While we describe the non-glove groups as “Observe” as this is what we can assess behaviorally—that is, they did not make any overt motor movements, the instructions were more precisely asking them to engage in movement imagery (i.e., “Imagine” as a group descriptor). Several studies have shown that motor/movement imagery involves engaging similar networks of brain regions as actual movements (Lotze et al., 2003; Lotze and Cohen, 2006; Madan and Singhal, 2012; Hardwick et al., 2018; Kline et al., 2020). The intention here was to minimize actual movements as the experimental manipulation, but still encourage active engagement in the presented finger-tapping sequences through movement imagery and not allowing participants’ minds to wander. As the participants in the Observe groups performed comparably to the Glove groups in the explicit knowledge test, and on average were numerically better, it does seem that the Observe participants were engaged in the task and did learn sequences.

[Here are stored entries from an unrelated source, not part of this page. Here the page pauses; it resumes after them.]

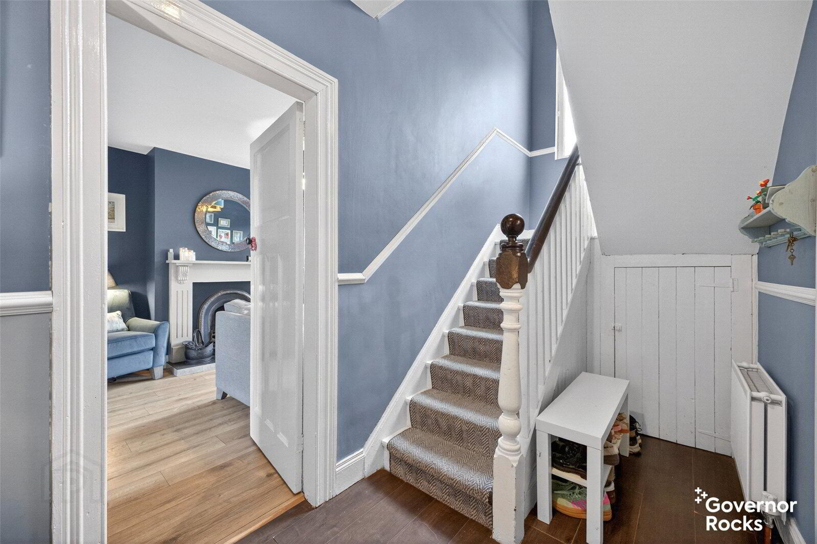 On entering, you have a small porch before heading into the hall way -showcasing period charm.
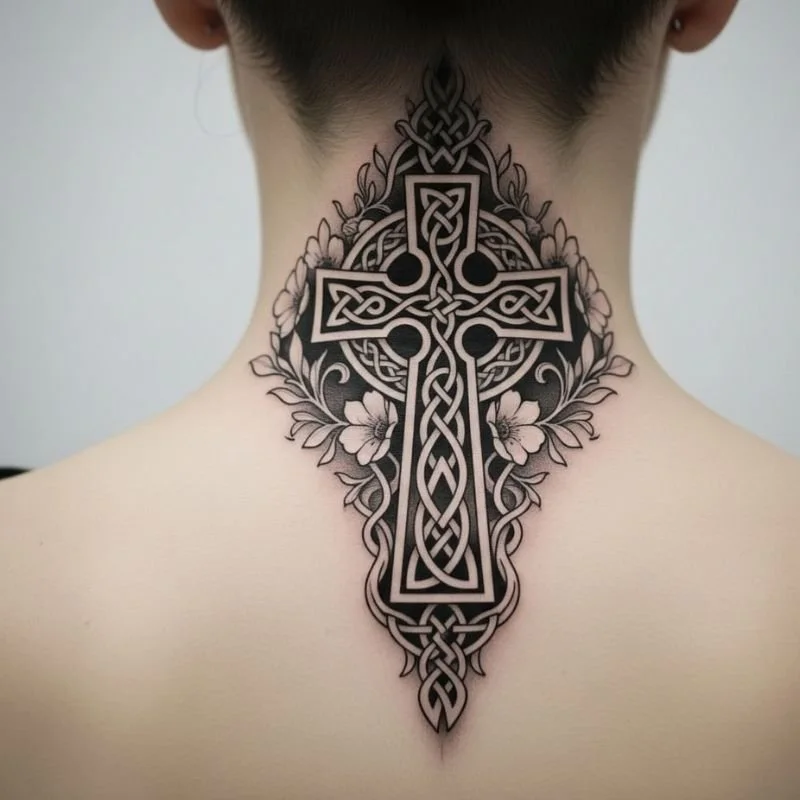 Celtic cross back neck tattoos combine spiritual symbolism with cultural heritage, creating meaningful artwork that honors both faith and ancestry. This placement centers the cross at your neck's base, where it remains visible yet respectful in most social situations. The intricate knotwork traditional to Celtic design adds visual complexity and artistic beauty that showcases incredible craftsmanship and attention to detail. These crosses represent the intersection of earthly and divine realms, making them powerful symbols for individuals seeking spiritual guidance. Artists can vary the cross size from subtle to prominent, depending on your desired level of visual impact and personal expression. This design appeals to those who want to display their faith and heritage with dignity and artistic sophistication.
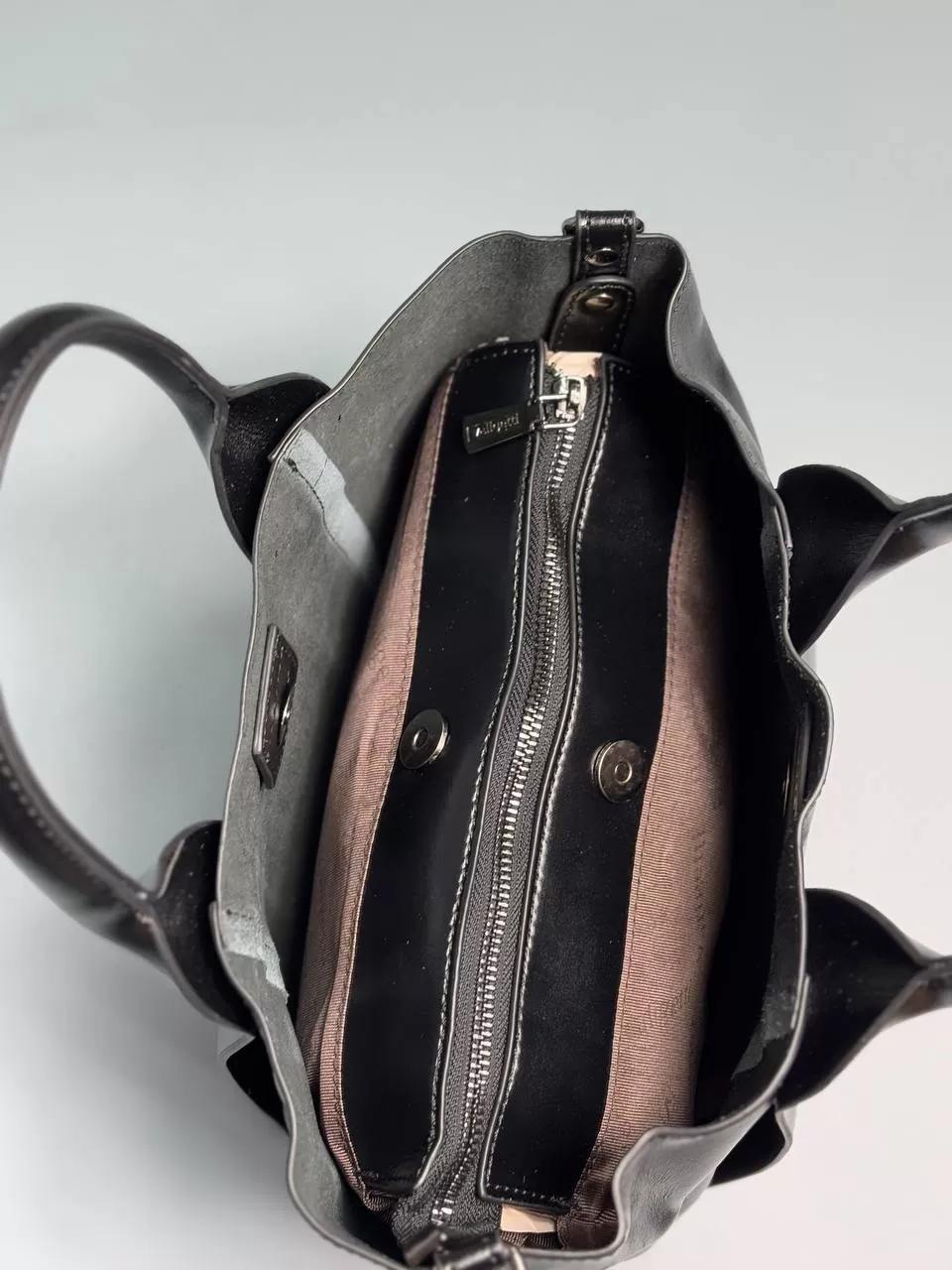 В основном отделении есть фирменная подкладка, открытый карман и карман на молнии. Для защиты от износа и повреждений на дне сумочки предусмотрены ножки.
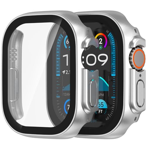 YIJDACASE - 2 in 1 Case for Apple Watch Screen Protector 49mm Ultra/Ultra 2 Accessories Built-in HD Tempered Glass Protective Face and Hard PC Bumper Cover Compatible iWatch
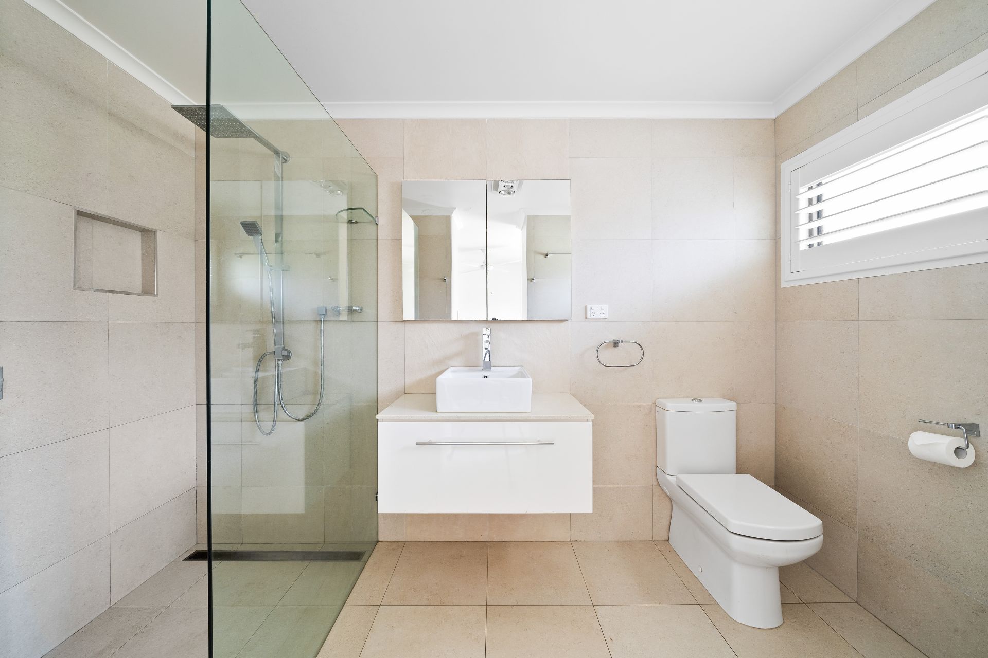 > The master ensuite features a shower with detachable and raindrop showerheads, tiled flooring, single basin vanity with plenty of storage, mirrored cabinet, floor-to-ceiling tiles, sliding windows with plantation shutters, towel and hand towel rails, fan/heater/light combo and toilet.
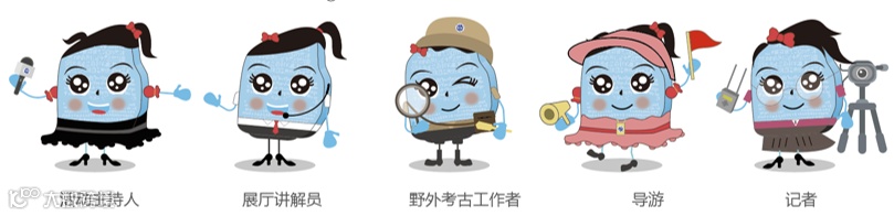 小塔形象包括活动主持人(主形象),展厅讲解员,野外考古工作者,导游,记者,代表罗塞塔档案文化方向,知识板块包括#文明印记,#行业热点,#活动总结。
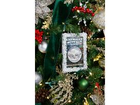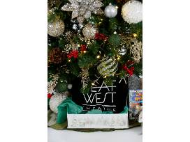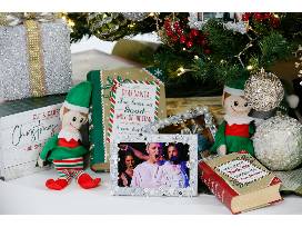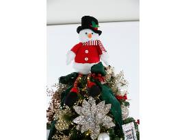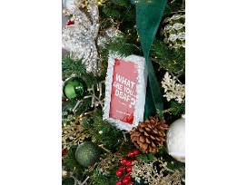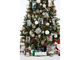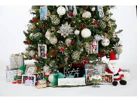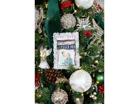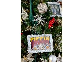 This tree celebrates 30 years of community, craft, and innovation. Framed photographic ornaments highlight 30 years of Deaf West productions, and can be replaced with family photos when this tree is taken home if desired! Pearls and dragonflies are symbolic of hope, change, and love. Under the tree are decorated gift boxes, a Deaf West T-shirt, stuffed figures of Santa, snowmen, birds, and elves.

Taken together, here we found that participants that only had to observe visual cues performed best in the explicit probe tests—with both enactment and additional auditory tones distracting from explicit knowledge. In contrast, when evaluating implicit knowledge (as measured by glove RT), we found that the additional auditory cues were beneficial to performance. These findings indicate that explicit knowledge of the statistical learning was best with only the single modality, but implicit knowledge was best when all three modalities were involved. Moreover, the results demonstrated a clear main effect of transition probability on response time and hastening of response time as learning accumulated (Figure 3).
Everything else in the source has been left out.